No one was brought to book for what is still arguably the most tragic miscarriage of justice in the UK within living memory. Stefan Kiszko was the classic vulnerable adult. Although not an imbecile, he was someone who was easily duped. Back in the 1970s he was convicted of the sex murder of a young girl. His car or a car like his had been seen in the area where the body of Lesley Molseed was found, but there was no meaningful evidence against him. The police obtained a confession by promising him that if he admitted to the crime he could go home to his mother, that’s how trusting he was.
The really shocking thing about this case is not that he was convicted on such a ludicrous confession (the case of Michael Stone is even worse in this respect) but that at the time of the trial the police, the prosecuting barrister, and at least one forensic scientist knew he was innocent, and kept this evidence from the jury, evidence which if it had been revealed would not have resulted simply in a not guilty verdict but in the case being dropped.
Years later the real murderer, Ronald Castree, was brought to book, but before that, a half-hearted attempt was made to prosecute the thoroughly evil men who had robbed Stefan Kiszko of the best years of his life and nearly driven him mad into the bargain.
To compound the tragedy, Stefan Kiszko died in December 1993 at the young age of 41, though a criminal prosecution was mounted against his tormentors. But…the May 3, 1995 issue of the Rochdale Observer reported on its front page TEARS FOLLOW SHOCK ‘NO TRIAL’ RULING. According to the paper, Stipendiary Magistrate Jane Hayward stayed the prosecution against former Chief Superintendent Dick Holland and forensic scientist Alan Outteridge after a two day hearing on April 13-4.
The grounds for dismissal were the length of time since the trial of Stefan Kiszko – 1976 – the deaths of a number of witnesses and people who took part in the trial, and “The loss of a number of documents vital to the trial”. Loss indeed. Reporting restrictions had remained in force to give the prosecution time to mount an appeal – if it so desired.
That is truly classic, commit a crime – false imprisonment – cover it up for the best part of two decades, and then argue that due to the delay in bringing legal proceedings, a fair trial is impossible for the remaining defendants.
That being said, the argument does have some merit, even in this case. What then of the case of Stuart Hall who in the wake of the Savile inquiryhas now, yesterday, been charged with indecent assaults on no less than ten underage girls between 1967 and 1986, and with the rape of a 22 year old woman in 1976?
Because of the ludicrous veil of secrecy that surrounds all such prosecutions, especially those involving the young, no details will be released until the trial, if there is a trial, but if this case or any part of it does go ahead, the big question is, how can Stuart Hall or any man receive a fair trial for alleged offences that are so ancient?

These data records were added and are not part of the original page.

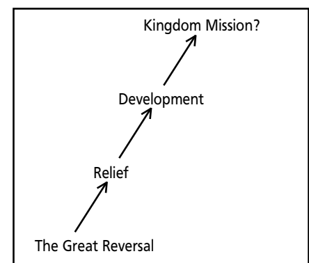
Figure 1: YWAM's Journey to Kingdom Mission.

YWAM is currently working on a statement of what discipling the nations and realizing the Kingdom might look like. While this is very much in process, we think it is in large part about the transformation of individual lives, communities, cultures and the earth. It has to do with realizing God's intentions for people and the earth. It is God-centered. It is about realizing shalom and seeing redemption in every aspect of life. It is about justice for all people. It is about destroying the powers of darkness, wherever they are found.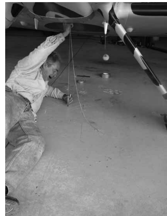
Top: Jack the gearleg up and spin the wheel to check trueness. If the bearings are loose, snug them up for the measuring. Left, Using a plumb bob mark centerline points on the floor. Note the tennis ball on the tip of the antenna.

After installing the new motor mount I began noticing rapid tire wear, burning off a set of tires in only 20 hours of circuits... thanks go to a local RAA member who suggested I check my wheel alignment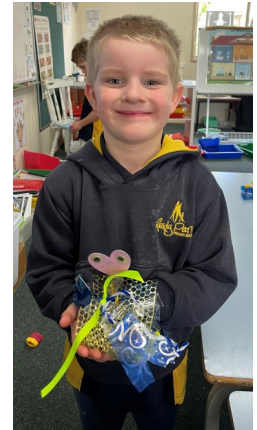
On Tuesday Michelle chose the book – “No Never”. Lotus pods were used to creation Emotion pods.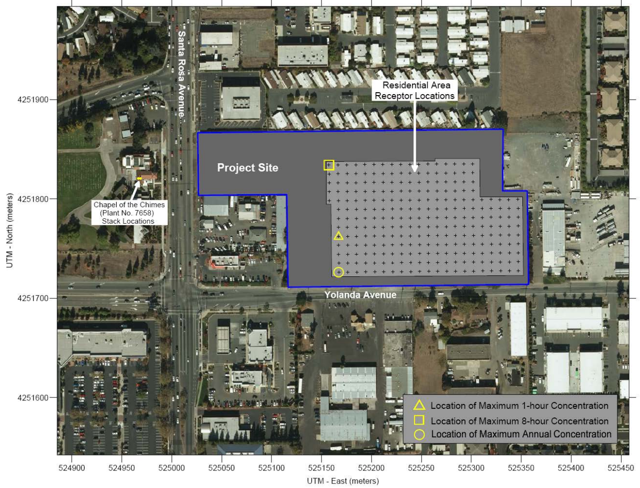
Figure - Project Site, Chapel of the Chimes, On-site Receptors, and Locations of Maximum TAC Concentrations from Chapel of the Chimes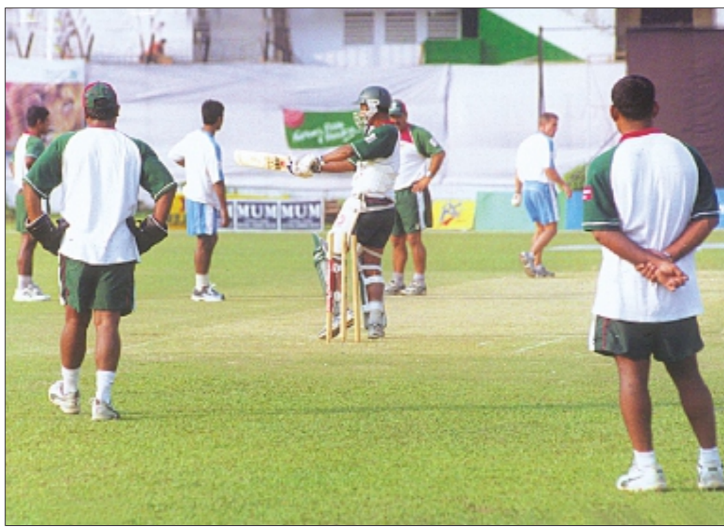
WHAT'S NEW? Bangladesh batsmen yesterday spent all their time practising pull-shots at the Bangabandhu National Stadium.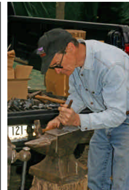
During another demonstration a blacksmith is seeing stars at the 1 st Annual Heritage Metal Fest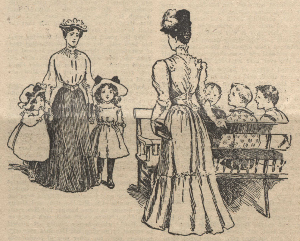
THE MINISTER'S WIFE CAME IN, BRINGING HER TWO LITTLE CHILDREN WITH HER.

And so at last she came to the place which she had had in her mind, a beautiful bit of green sward at the edge of a stretch of woods, known as the 'Great Pines,' and, spreading her shawl on the ground, sank down upon it with a long-drawn sigh of contentment and delight. To the right, out of sight behind intervening rocks, was the hotel with all its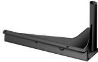
RAM-VB-164 VEHICLE BASE 2005-NEWER SEARS SEATING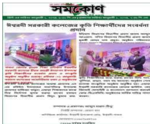
program to appreciate talented students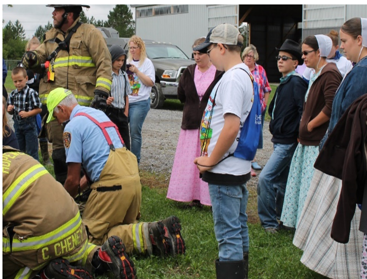
Participants watch as rescue crews demonstrate Cardio Pulmonary Resuscitation (CPR) techniques at Progressive Agriculture Safety Day.

Participants watched as a dummy was entangled in an unguarded PTO shaft and learned about tractor rollovers from a tabletop demonstration. Rollovers are the leading cause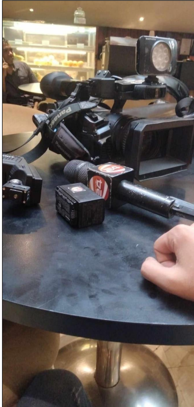
Tools I've used at every assignment

If a woman is raped or otherwise attacked by a stranger, and reports said attack promptly or fairly promptly, and there is real evidence: semen, DNA, or merely torn clothing or bruising, then an historic prosecution can be justified, as in the case of Antoni Imiela, who was convicted last year of the rape of a woman in 1987, even though the victim had died six years earlier.
If the evidence against Stuart Hall – or anyone else – were of this quality, then a prosecution would be in the public interest in spite of the passage of over three decades, but if these alleged victims have all come forward as the result of the Savile inquiry, which means in all probability since last October, what evidence can be adduced against the accused? The mere fact that there are ten or eleven such complaints means nothing because they have clearly arisen from a trawl. (See previous articleto understand why this sort of thing is so unreliable).
The bottom line is that any man – or any woman for that matter – could be facing an allegation that he touched a girl’s breast or put his hand up her skirt thirty and more years ago and told: “Prove you didn’t”.
One would hope and expect that for a charge of rape to be filed, there would be some compelling, contemporaneous evidence to present in court, but don’t count on it.
It would not be proper to comment further on this specific case, but clearly this is an issue that needs to be raised at the highest level, ie Parliament, and some sort of mechanism put in place to prevent allegations of this nature from progressing unless they were reported at the time, or credible evidence – more than mere words – comes to light at some point so that any resultant trial becomes a proper trial of fact, rather than merely a case of he said/she said.